A year ago I thought I had it all planned out. I could see my future staring at me right in the eyes. At the beginning of the school year, everything seemed to be going right in the world. I was attending my dream college, I’d happily pledged into Alpha Omicron Pi and was pursuing a special education teaching degree. I was excited to move on from the high school drama and begin the next chapter of my life. Fast forward a couple of months, my happiness as well as my motivation to do my schoolwork began to decrease more and more every day. I kept telling myself that it was the dorm life and that I needed to get out of there. Suddenly, during the most depressing moments in my life, a global pandemic occurred. I got sent home not knowing that I wouldn’t see my friends or sisters again until the following year. However, getting out of those dorms was probably one of the best moments in my life. At that time, I thought they were the reason why I had lost my dedication for the future, but it turns out I was completely wrong.
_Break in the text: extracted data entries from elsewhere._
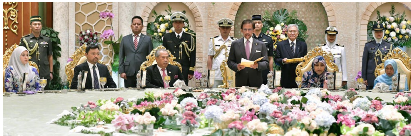
His Majesty Sultan Haji Hassanal Bolkiah Mu'izzaddin Waddaulah ibni Al-Marhum Sultan Haji Omar 'Ali Saifuddin Sa'adul Khairi Waddien, Sultan and Yang Di-Pertuan of Brunei Darussalam delivers a tital during the Official Luncheon Ceremony. Also in attendance were Her Majesty Duli Raja Isteri Pengiran Anak Hajah Saleha binti Al-Marhum Pengiran Pemancha Pengiran Anak Haji Mohamed Alam; Yang Amat Berhormat Tan Sri Muhyiddin Yassin, the Prime Minister of Malaysia and spouse, Yang Amat Berbahagia Puan Sri Noorainee Abdul Rahman; and His Royal Highness Prince Haji Al-Muhtadee Billah, the Crown Prince and Senior Minister at the Prime Minister's Office and Her Royal Highness Paduka Seri Pengiran Anak Isteri Pengiran Anak Sarah binti Pengiran Salleh Ab. Rahaman.

On this occasion, Yang Amat Berhormat offered his highest congratulations to His Majesty and Brunei Darussalam on the 37 th National Day Celebration on February 23.
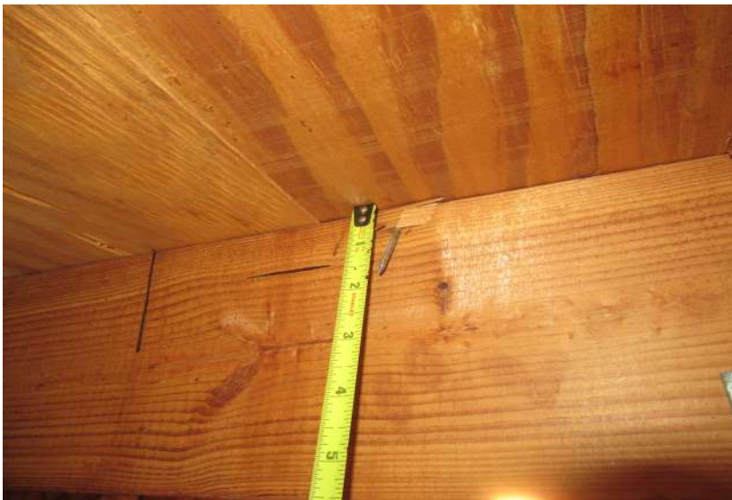
8d nails verified
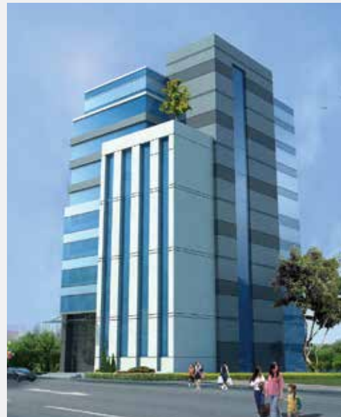
PLOT No. 7, SECTOR 125 NOIDA
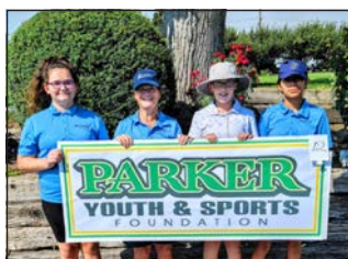
First Tee Golf Girls
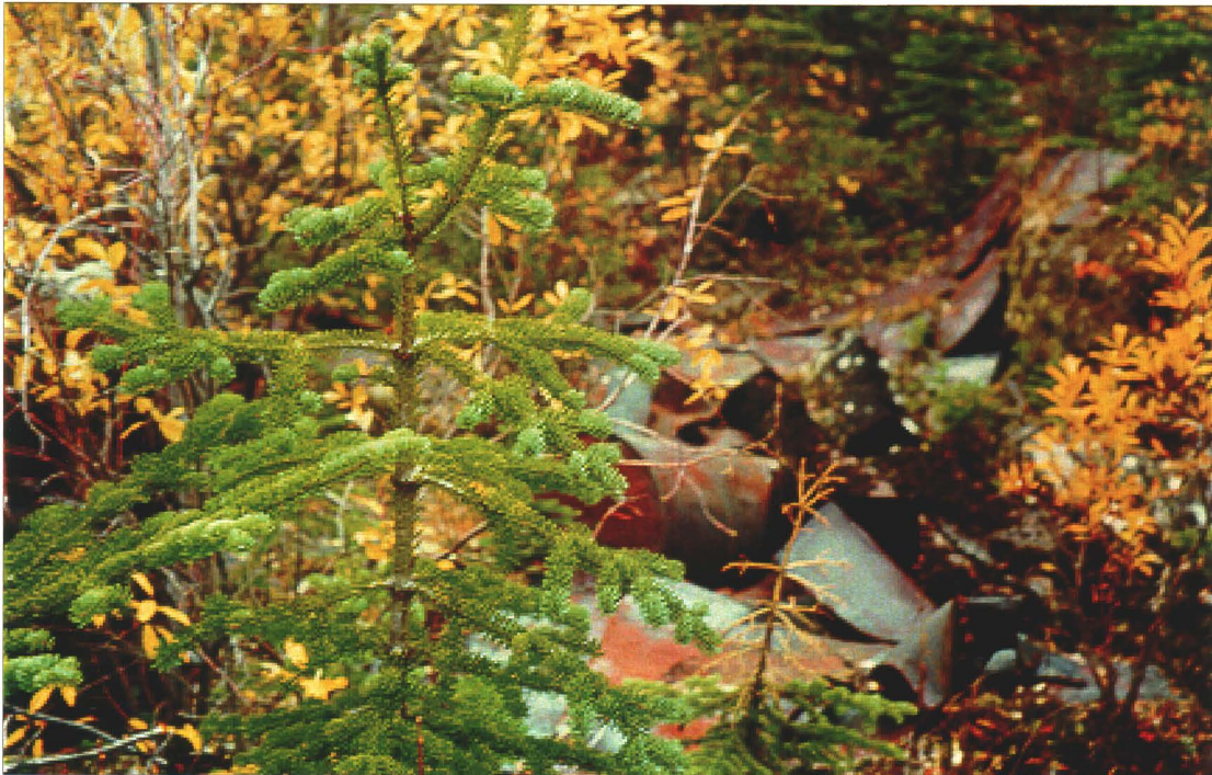
Photo 5-2: Building 5B - Building had collapsed and burnt - metal debris appeared to be burnt.
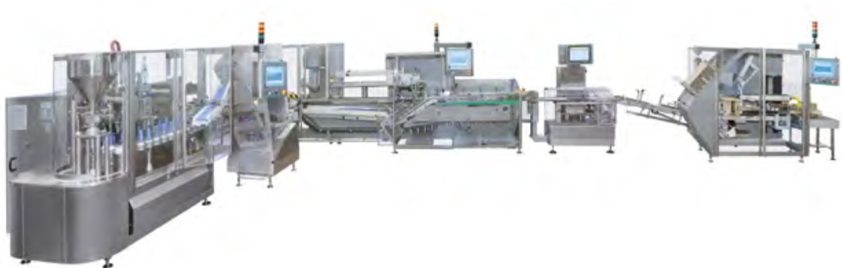
SOFT TUBE COMPLETE LINE

Filling/Closing Machines for PE or Metal Soft Tubes
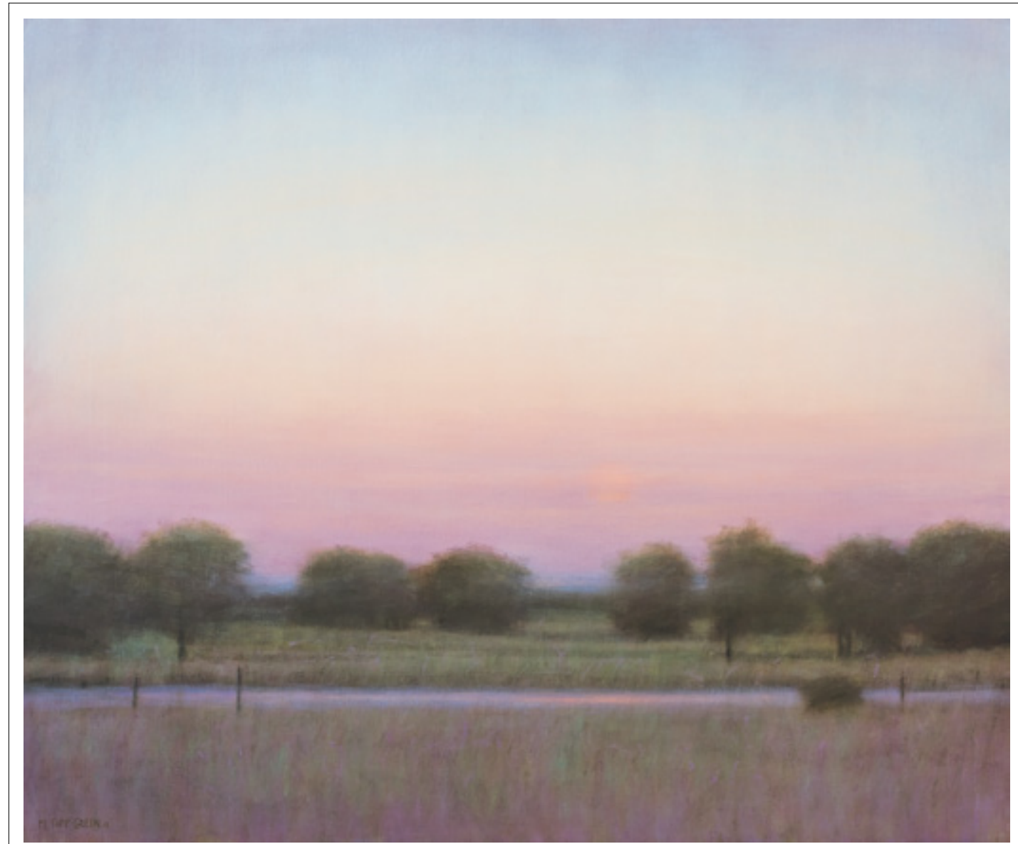
M E A D O W O N T H E N O R T H S H O R E

Oil on Linen | 38 x 46 Inches | FG©138579
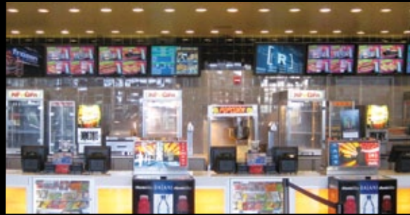
◀ In-lobby digital menu boards at Rave Cinemas.

From the moment they step inside your lobby, patrons expect to be entertained and informed. Christie® solutions can enrich your lobby with mouth-watering digital menu boards and dynamic digital box office displays. Where clear, durable and near-seamless displays are a must, Christie's range of thin and elegant LCD panels will complement any environment with HD content. Showcase feature film trailers with large-format Christie MicroTiles® that can be arranged in a variety of sizes and shapes. With the option to include interactivity, they give you creative freedom to engage your patrons.
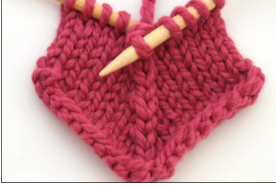
Centered Double Decrease

Published on Sunday, 01 April 2012 21:11
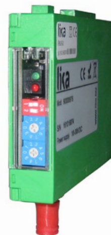
IF62 - IF63
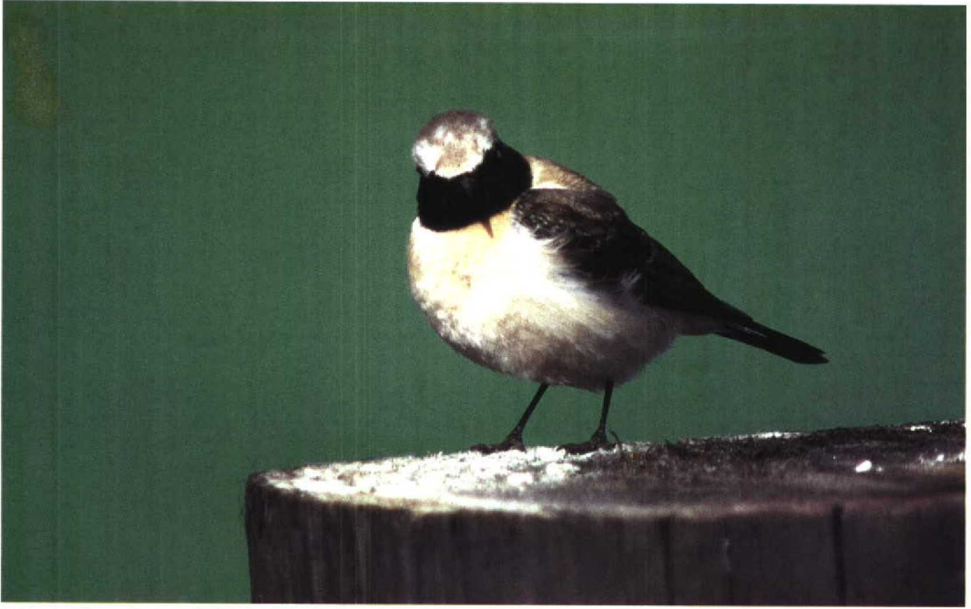
120 Western Black-eared Wheater / Westelijke Blonde Tapuit Oenanthe hispanica , first-summer male, Aagtekerke, Zeeland, 4 June 1996
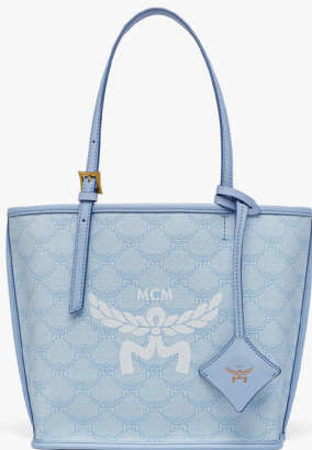
HIMMEL SHOPPER IN LAURETOS (MINI)
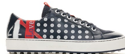
NAVY 121016-122 (2nd lace colour: white)
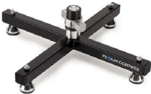
Dolly Base Leg

Please inspect the contents of your shipped package to ensure you have received everything that is listed below.
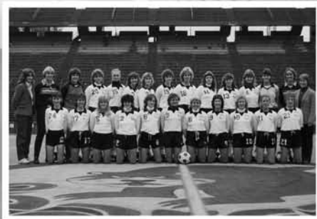
1983 - NCAA Tournament
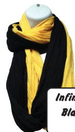
Infinity Scarf Black/Gold $10
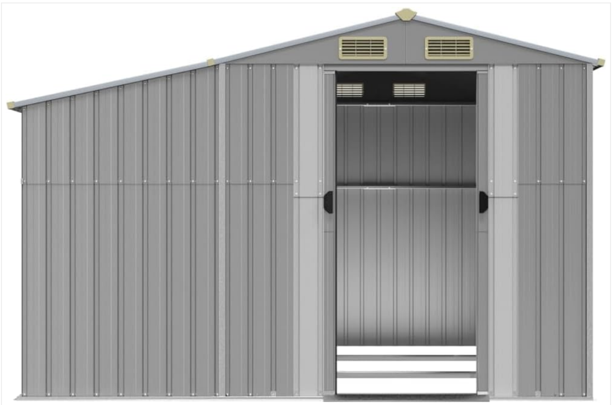
Image: Front view with door open.
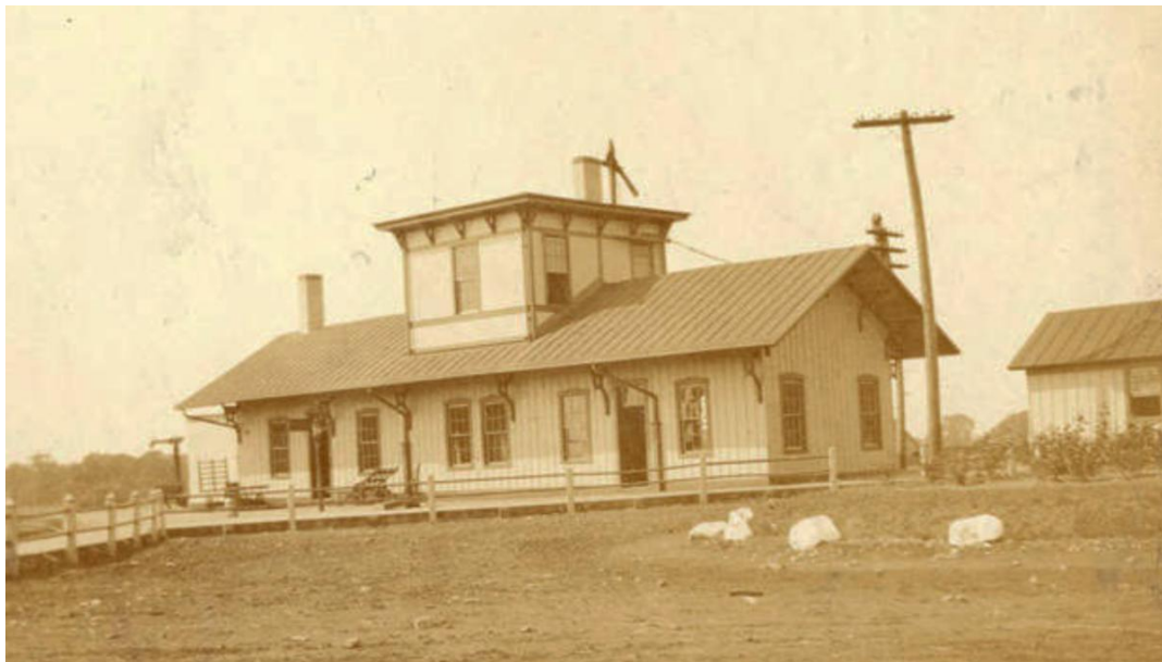
Hudson's Pennsylvania Railroad Depot, photographed 100 years ago in 1920. Despite efforts to save the historic structure, the depot was demolished in 2013.
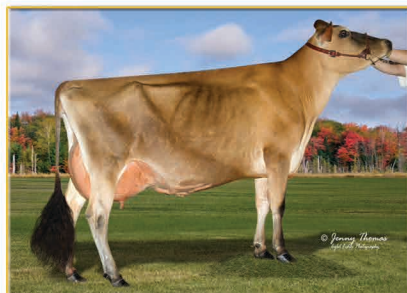
MENDA EXCITATION LYND SAY-ET, E-94%

Selling her July 2016 VARIETY daughter due in September to GENTRY. The next dam is an E-95% BARBER followed by an E-91% JUNO. Billings Farm & Museum, Vt.
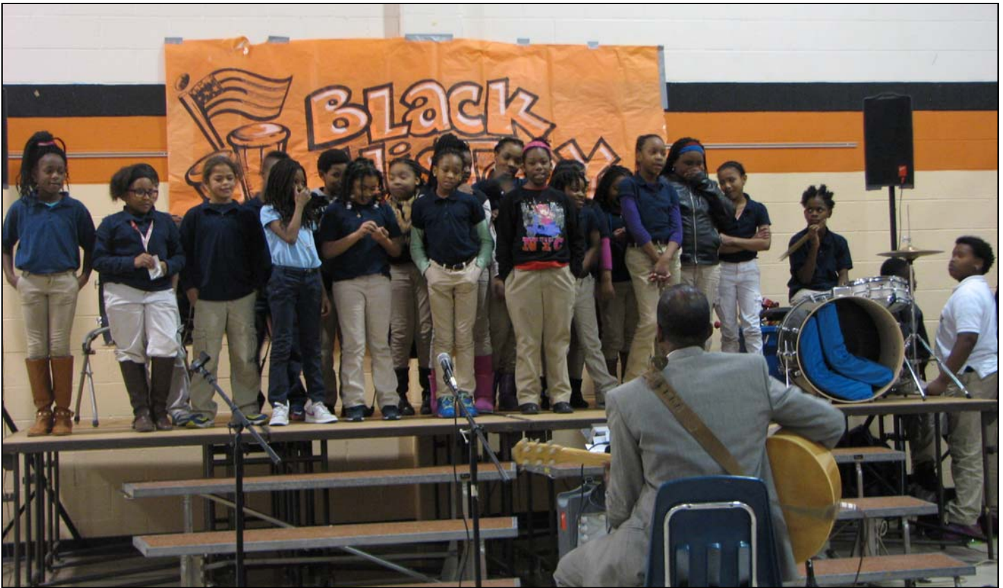
Fourth Grade students perform on February 27, 2015
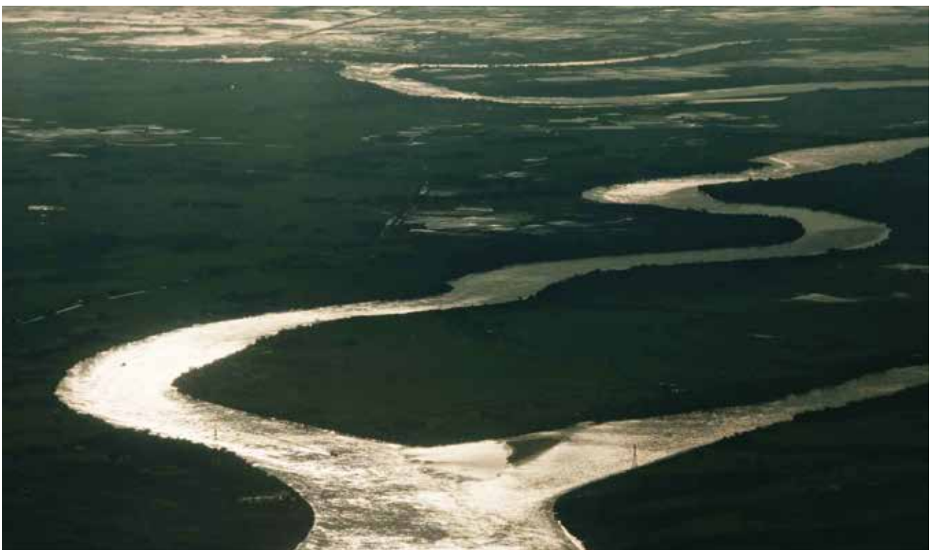
The Myitsone Hydroelectric Project is located at the confluence of the Mali and N'Mai rivers and is the largest of seven dams (total capacity 13,360 MW) planned along the Irrawaddy, Mali Hka, and N'Mai Hka rivers in Myanmar. Scheduled for completion in 2019, Myitsone was slated to become the 15th largest hydropower station in the world, with installed capacity at 6,000 MW, when construction was suspended by the Myanmar government owing to protests from the Kachin people.

The question is, however, posed: might not be the question of whether or not China is reproducing the ways of the West, while very important, be rather limited in helping us to fully comprehend its impact in the global South?
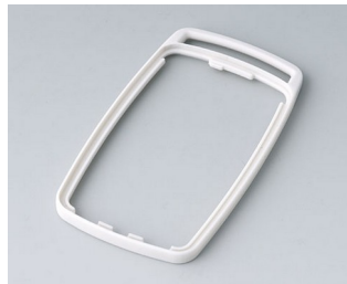
B9004707 Intermediate ring EM TPE off-white RAL 9002
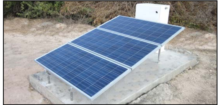
Solar Power Option

The solar power option equips the system to run with free, renewable energy from the sun. Unprecedented in the industry, this green feature is the ideal long-term investment. Ongoing savings afforded by utilizing solar energy are calculated over the lifetime of the installation. Custom solar packages are available to fit your specific load requirements.
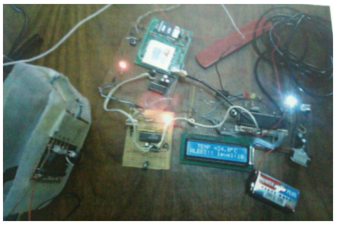
Figure 3: Hardware
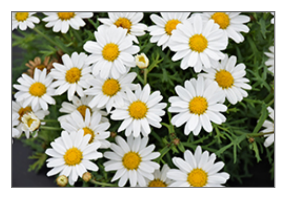
Sassy White flowers
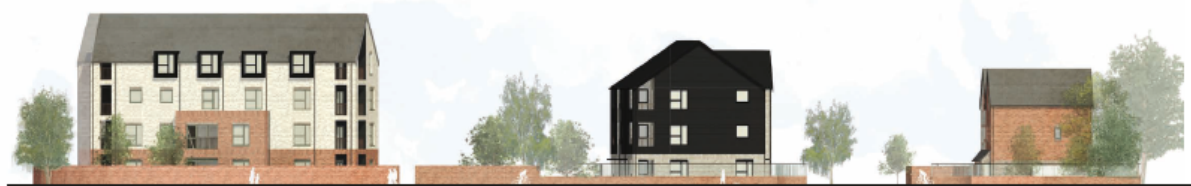
New Wokham Lane/ D-D Elevation
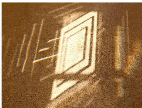
$300 Play Dough to who identifies this!
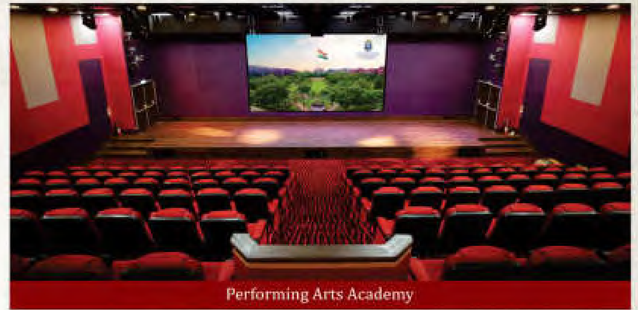
Performing Arts Academy
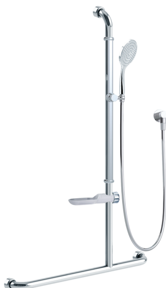
Drawn RH (Right Hand)
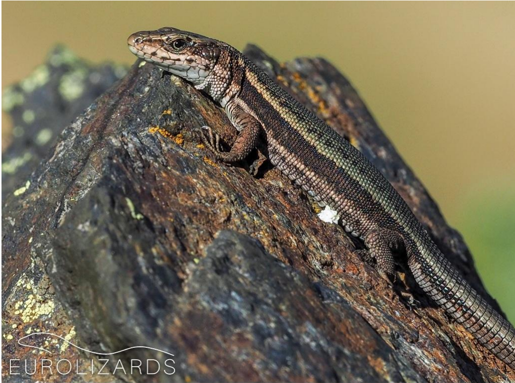
E / Val d'Aran, 23.08.2016 - An adult male basking on a rock.
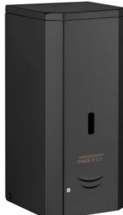
DJF0038AB Matte black epoxy finish
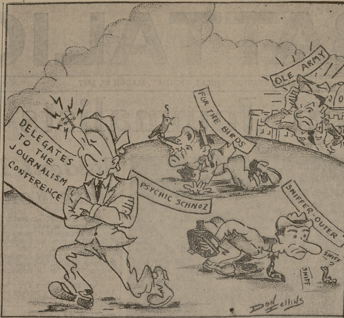
The Folks with a Nose for News?
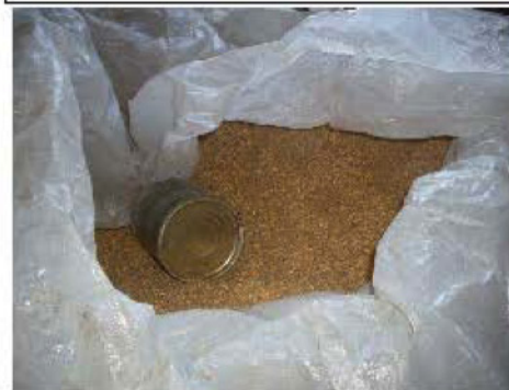
http://hubpages.com/a nima b/The Life-of-a-Chick-From-Newly-Haltched-to-Adult

3. Feed is manually scooped out of a super sack, typically using a bucket
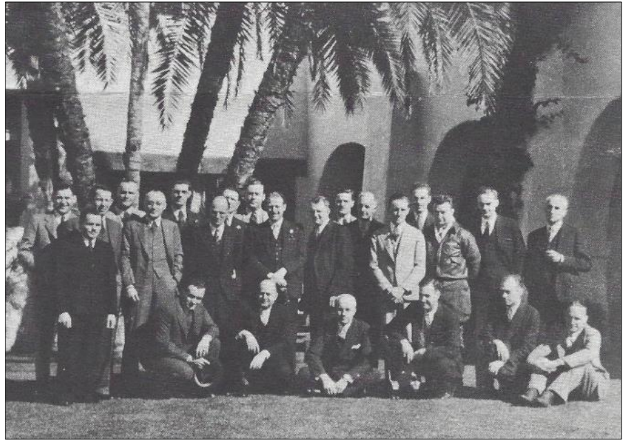
AIP CALCHAPTER NEWSLETTER
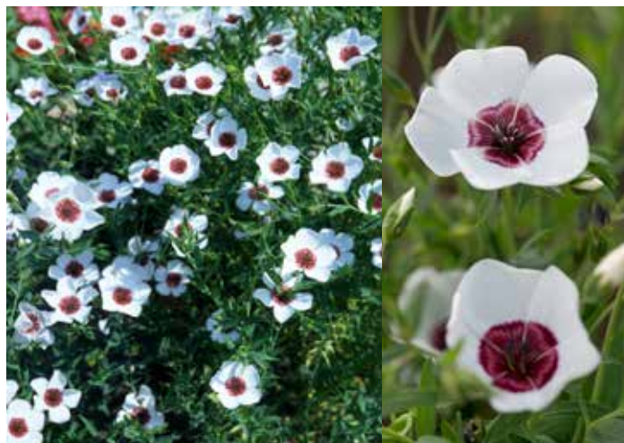
LI5540 LINUM grandiflorum 'Bright Eyes'

(SAHIN 1993) mixture of separate colours, outstanding quality
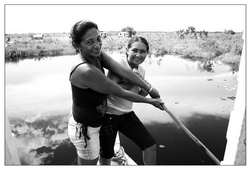
Fig. 6. Two residents of the community of Santa Maria on the Uruará River, a tributary of Amazon in the state of Pará, Brazil. They are heading to a community meeting to discuss actions to be taken against illegal deforestation and logging companies stealing timber from their land.

It is not that this exercise in 'heritage sorting' is so earth-shakingly important. I cite it to show that such a revisioning of the world can happen and that we can then make decisions in our own lives and in our own communities without waiting for governments, corporations or NGOs to act. We can do it ourselves, right now. It will not save the world, but it will start the process.

After much consideration, I concluded that the source of the issues was my major. I simply wasn’t as passionate about it as I thought I would be. Nothing was engaging enough to get me to stay committed; the professors, my fellow peers, the class curriculum, it all felt like a drag. After realizing that I didn’t want to continue with special education, I knew that I needed to figure out what I was truly passionate about. The school year was coming to an end and the time to plan and schedule my sophomore year classes was just around the corner. After a late-night conversation with my brother, he opened my eyes to something that I had never considered: interior design. Interior design has been a hobby of mine since I was in the seventh grade. I was just too scared to try it out because of how involved my life was outside of classes. I decided to take a leap of faith and switch my major to interior design. The shift is real, but with the constant support of my family and sorority sisters I am confident that I can succeed in this major. Â
The main reason why I decided to write about this life-changing time is simple. Switching majors can be scary, but if you’re passionate about something, just go for it. As famously said in A Cinderella Story, “never let the fear of striking out keep you from playing the game.” I knew that if I didn’t take this leap of faith, I would be sitting in my future classroom wishing that I had been a little more confident in myself. You want to make sure your major is right for you and that you can flourish in whatever it is you are doing. Even though it took countless nights of overthinking, I know that I made the best choice for my future and I cannot wait to take on the world of interior design!